Paradoxia is a genus of microscopic green algae, in the family Coccomyxaceae. It is found in freshwater habitats as phytoplankton worldwide, but species are rare.

==Description==
Paradoxia consists of individual cells or pairs of cells. Individual cells are club-shaped or fusiform in outline, 18–45 μm long and 3–8 μm wide. When paired, the two cells are joined at the base by spines or leaf-like appendages that twist together. These leaf-like appendages have many fine curved ridges on one face. The cell wall is smooth and covered with thin spines up to 24 μm long. Cells are uninucleate (i.e. with one nucleus) and one chloroplast containing a single pyrenoid.

Reproduction occurs asexually via the formation of autospores or zoospores which form a coenobium while still in the mother cell wall. Resting spores have also been reported. Sexual reproduction has not been observed in this genus.

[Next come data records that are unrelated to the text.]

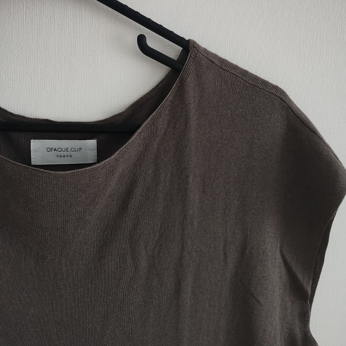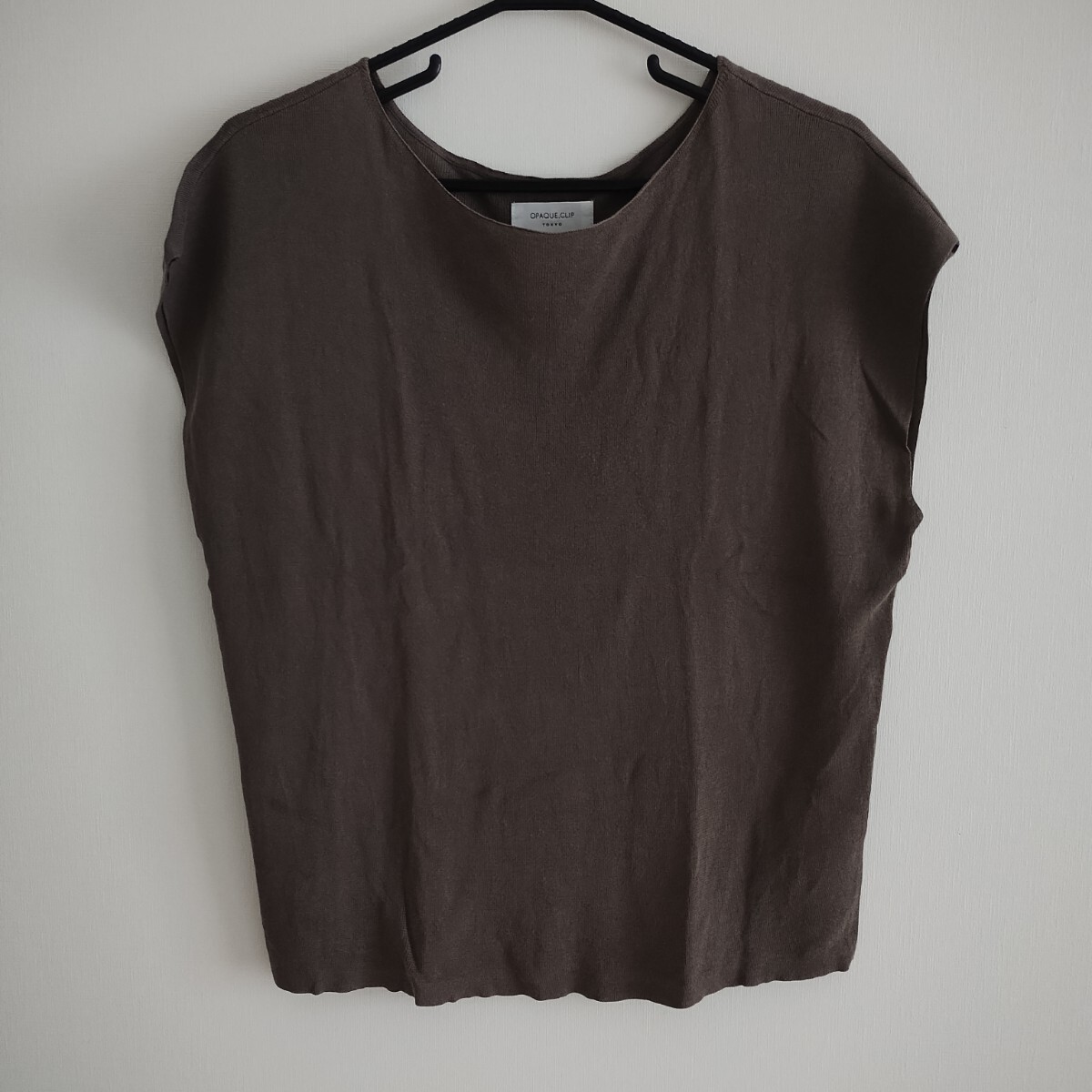 Opaque.Clipの女性用シンプルなカーキ、薄焦げ茶のノースリーブトップス。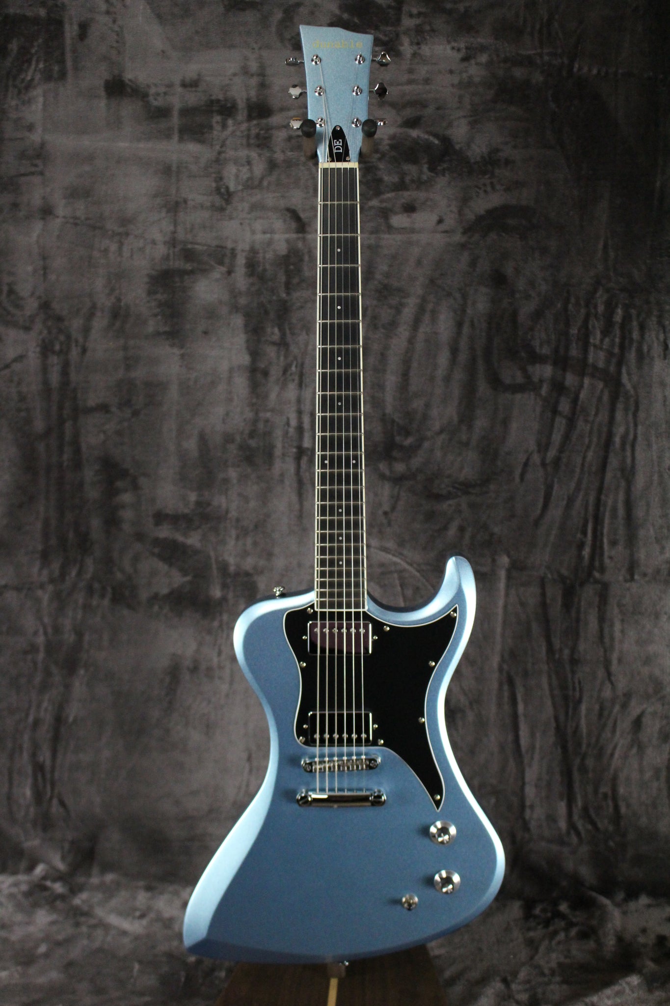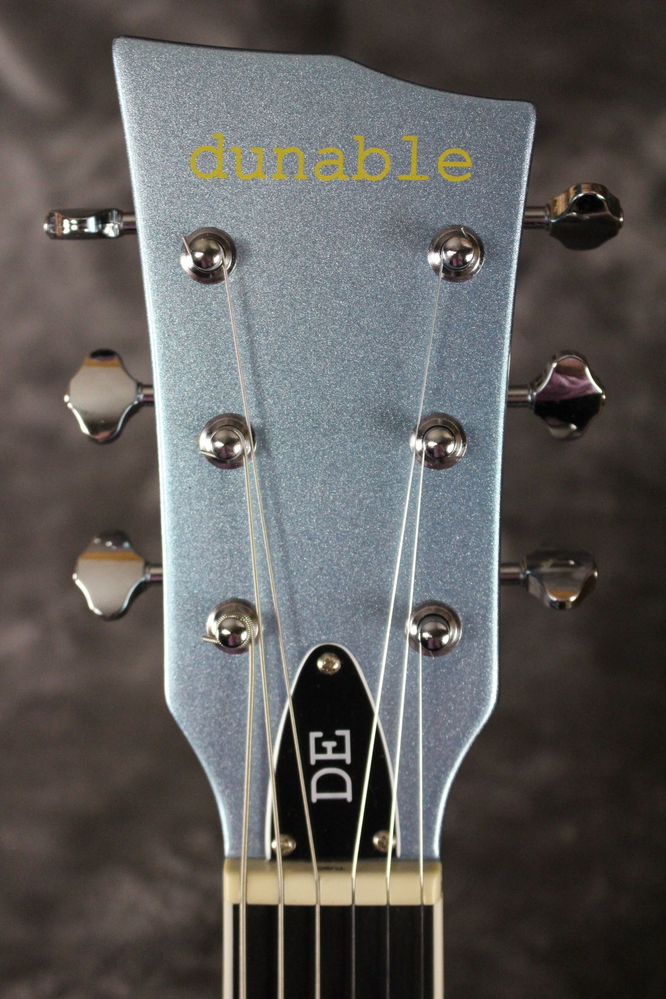 This Dunable DE R2 was inspired by the era of leather and denim, walls of triple-stacked 4x12s, and leaded gas. Over the past decade, it has become a favorite to many, and despite its obvious heavy metal aesthetic, it is one of the most comfortable electric guitars in the world. The retro-futuristic body shape incorporates strategic arm and torso contours, making for a perfectly molded instrument that has become a player favorite.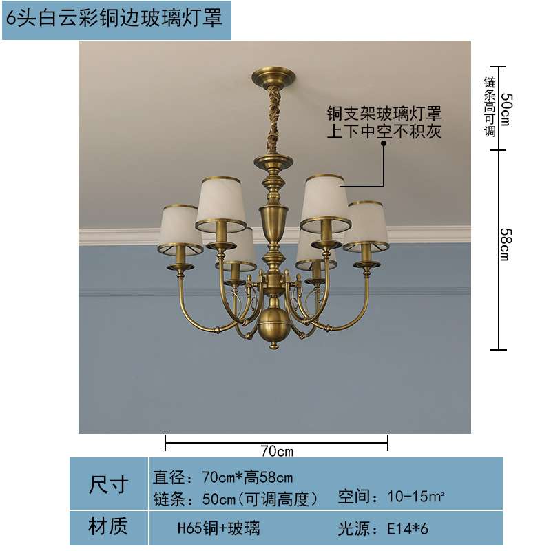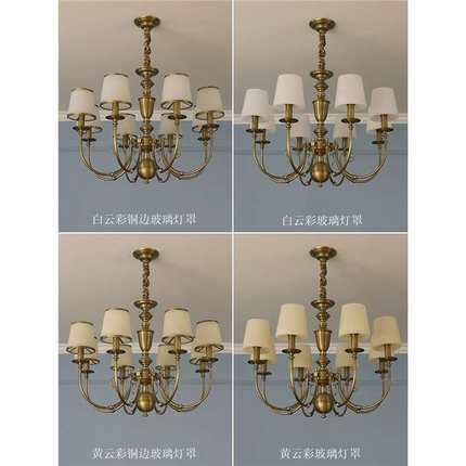 美式简约复古田园客厅玻璃灯罩灯具欧式大气别墅餐厅卧室全铜吊灯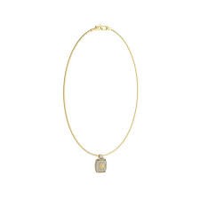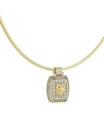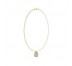 Colgante con cadena Guess de la colección Lion King con placa en acero IP dorado recubierta de circonitas en color blanco y la cabeza del león en el centro.
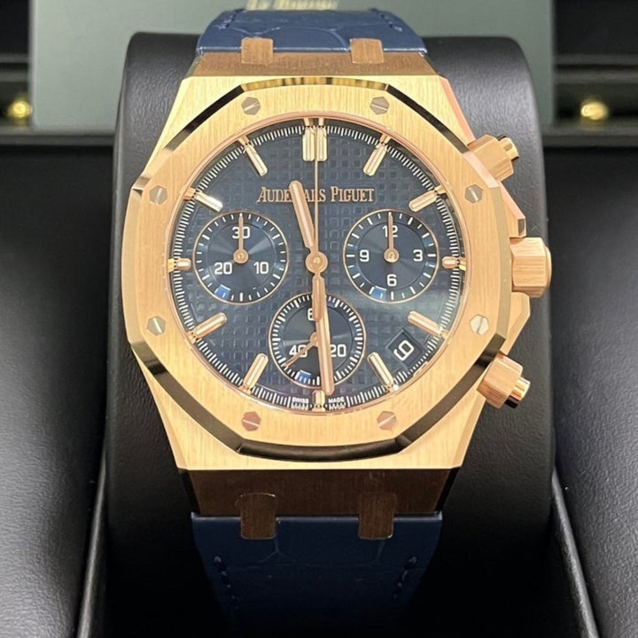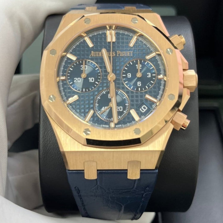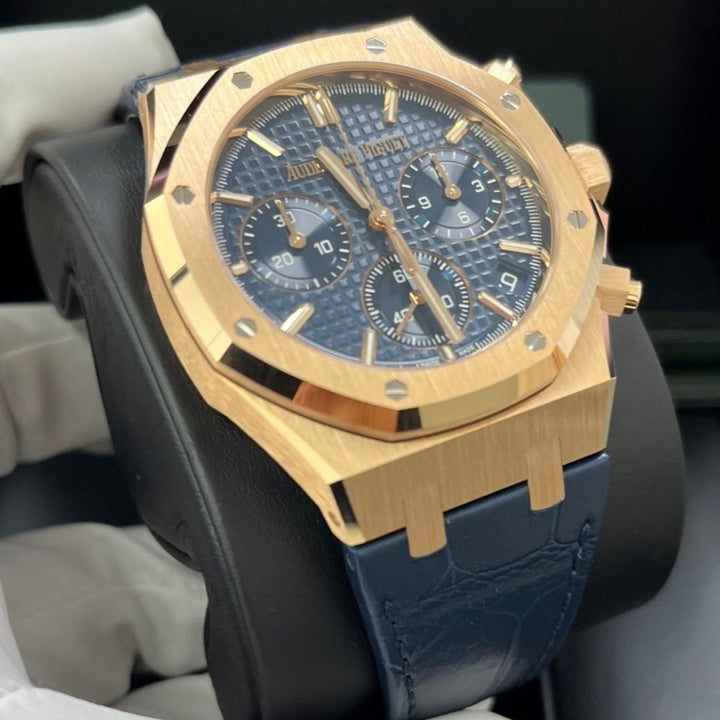 “Bleu nuit nuage 50” dial with “Grande Tapisserie” pattern, “Bleu nuit nuage 50” counters, pink gold applied hour-markers and Royal Oak hands with luminescent coating.

Paradoxia species are distinguished by the morphology of the cells, and whether or not they are paired. The genus may be closely related to others with leaf-like appendages at the cell ends, in particular Ankyra.

==Taxonomy==
Sources disagree on where to place Paradoxia taxonomically. In their 1983 monograph, Jiří Komárek and Bohuslav Fott placed Paradoxia in the family Characiaceae. A strain labeled as Paradoxia multiseta in the UTEX-Austin culture collection was found to have a close phylogenetic relationship to Coccomyxa; however, the morphology of the strain (having spherical cells) does not appear to match that of Paradoxia, making the identity suspect.